Understanding how OpenSSL implements AES is not just an academic exercise. It’s a crash course in the trade-offs between speed, memory, and security—the very same trade-offs that every high‑performance security engineer must navigate. In this post, we’ll take a detailed look at three critical components of OpenSSL’s AES engine: the key schedule, the S‑box, and the Counter (CTR) mode. These are the nuts and bolts that determine whether your encryption leaks secrets through side channels, whether your key schedule is constant-time, and whether your CTR implementation can be safely parallelized. We’ll dive into the actual C code, examine assembly optimizations, and explore the decades‑old cat‑and‑mouse game between cryptographers and side‑channel attackers. By the end, you’ll have a mental model of OpenSSL’s AES that goes far beyond “it just works.”
1. The AES Algorithm: A Quick Refresher
Before dissecting OpenSSL’s implementation, we need a common vocabulary. AES is a symmetric block cipher that operates on 16‑byte (128‑bit) blocks using key sizes of 128, 192, or 256 bits. The algorithm—originally designed by Joan Daemen and Vincent Rijmen as Rijndael—consists of a fixed number of rounds (10 for AES‑128, 12 for AES‑192, 14 for AES‑256). Each round applies four transformations:
- SubBytes – a nonlinear byte substitution using a fixed S‑box (a 16×16 lookup table).
- ShiftRows – a cyclic rotation of the rows of the state matrix.

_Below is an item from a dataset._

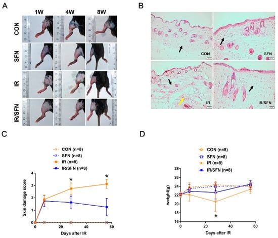 Mouse skin damage scores of the IR/SFN group were lower than the IR group at 4 w and 8 w after irradiation (p < 0.05) (Figure 1C). Compared with the control group, the body weight of mice in the IR group and IR/SFN group was decreased at 4 w and recovered to normal at 8 w. Meanwhile, the body weight of IR/SFN group mice was significantly higher than IR group mice (p < 0.05) (Figure 1D).

- MixColumns – a linear mixing operation on each column (absent in the final round).
- AddRoundKey – XOR of the state with a round key derived from the master key via the key schedule.
The round keys themselves are generated by expanding the master key into a linear array of 32‑bit words. For AES‑128, 44 words (11 round keys) are produced using the RotWord and SubWord operations along with round constants.

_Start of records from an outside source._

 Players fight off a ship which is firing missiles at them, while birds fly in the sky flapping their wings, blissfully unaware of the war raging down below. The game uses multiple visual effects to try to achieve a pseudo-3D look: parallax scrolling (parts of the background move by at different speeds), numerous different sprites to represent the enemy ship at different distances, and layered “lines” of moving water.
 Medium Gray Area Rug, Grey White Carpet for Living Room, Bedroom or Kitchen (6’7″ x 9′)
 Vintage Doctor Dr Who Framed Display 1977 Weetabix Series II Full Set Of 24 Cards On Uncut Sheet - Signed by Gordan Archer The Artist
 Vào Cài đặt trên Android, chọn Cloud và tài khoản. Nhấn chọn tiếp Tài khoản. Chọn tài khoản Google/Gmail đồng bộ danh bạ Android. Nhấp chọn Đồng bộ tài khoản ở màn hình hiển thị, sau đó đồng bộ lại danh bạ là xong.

From a software perspective, the most computationally intensive parts are the S‑box substitution (which involves table lookups) and the MixColumns multiplication (which in most implementations uses a second set of lookup tables for speed). OpenSSL, like many libraries, historically employed large precomputed tables (T‑tables) to perform SubBytes, ShiftRows, and MixColumns in a single pass. However, these tables became the target of devastating cache‑timing attacks. Over the years, OpenSSL has evolved to include constant‑time tableless implementations and hardware‑accelerated paths via AES‑NI instructions.
Now let’s zoom into the three critical components that every serious implementer must get right.
2. The Key Schedule: From Master Key to Round Keys
The key schedule is the first piece of code that runs when you call AES_set_encrypt_key(). Its job is to expand the relatively short user key (16, 24, or 32 bytes) into a longer array of round keys (16×(rounds+1) bytes). If the key schedule is flawed—either leaking key material through timing or using an insecure derivation—the entire encryption collapses.
How OpenSSL Expands the Key
OpenSSL’s key expansion routine for AES‑128 is found in crypto/aes/aes_core.c (or in platform‑specific assembly). The core loop processes the 44‑word schedule. For the first 4 words (Nk = 4), the routine simply copies the master key. Then, for each subsequent word at index i:
- If
i mod Nk == 0: rotate the previous word by one byte (RotWord), substitute each byte via the S‑box (SubWord), and XOR with the round constantrcon[i/Nk]. - Otherwise: XOR the word
Nkpositions back with the previous word.
The round constants are small values derived from 2^{i-1} in GF(2^8). OpenSSL stores them in a static array.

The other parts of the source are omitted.